Posts Tagged ‘mambu badu’

Mambu Badu has officially launched!

Posted by Danielle on Sunday, May 1st, 2011

It’s here. After months of planning, of meetings, of scheming and dreaming between three 20-something photographers on two different coasts,  the inaugural issue of the Mambu Badu magazine is finally here.

Some background information:

Mambu Badu is a photography collective that seeks to find, expose, and nurture emerging female photographers of African descent.

“Mambu Badu” is an adaptation of the Swahili phrase “Mambo Bado” which is loosely translated as “the best has yet to come.” At this moment, we dwell in an exciting space of possibility where we can grow as artists.  We invite other Black/African American female photographers to join us in this journey. We are approaching our art and this collective with a with a humble heart, a curious nature, and a persevering spirit.

Please click the photo above (the cover image is by Nikita Gale, who was also the subject of one of my first posts for Innervisions) to launch the magazine.
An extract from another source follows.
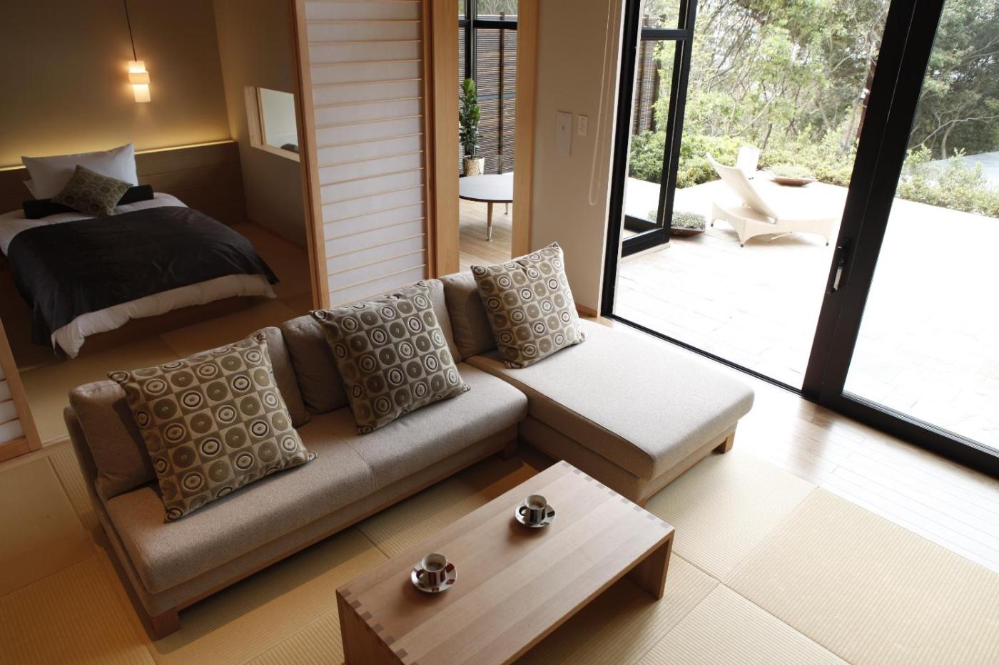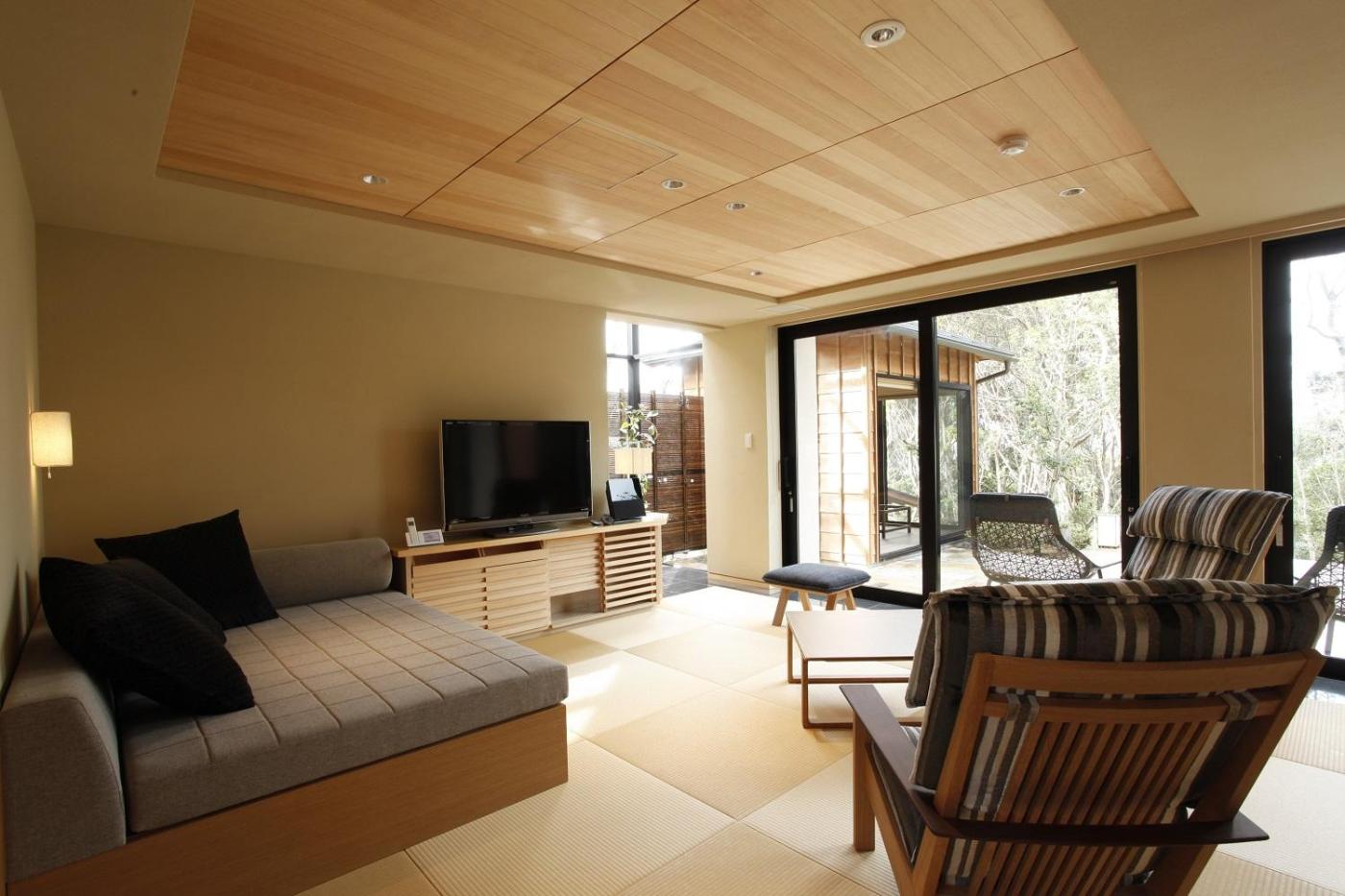 Deluxe Suite with Open-Air Bath and Ocean View. The private open-air bath is the standout feature of this quadruple room. The spacious quadruple room features air conditioning, a tea and coffee maker, a terrace with sea views as well as a private bathroom boasting a bath. The unit has 3 beds.

Feel free to leave a comment here or email themambubadu (at) gmail (dot) com.

Mambu Badu: From NYC to Paris

Posted by Danielle on Monday, April 4th, 2011

Cross-post from my other labor of love, Mambu Badu:

As the ladies of Mambu Badu are working away on the inaugural magazine and logistics for the summer exhibit, the first cohort of selected artist have steadily been working on some great projects.  See what these photographers have been up to and do not hesitate to shoot us an email with questions.

We are definitely planning future calls for entry so be sure to subscribe to our posts, follow us on Twitter (@mambubadu), ‘like’ us on Facebook, and email us (themambubadu@gmail.com) to stay up-to-date on the latest news from Mambu Badu.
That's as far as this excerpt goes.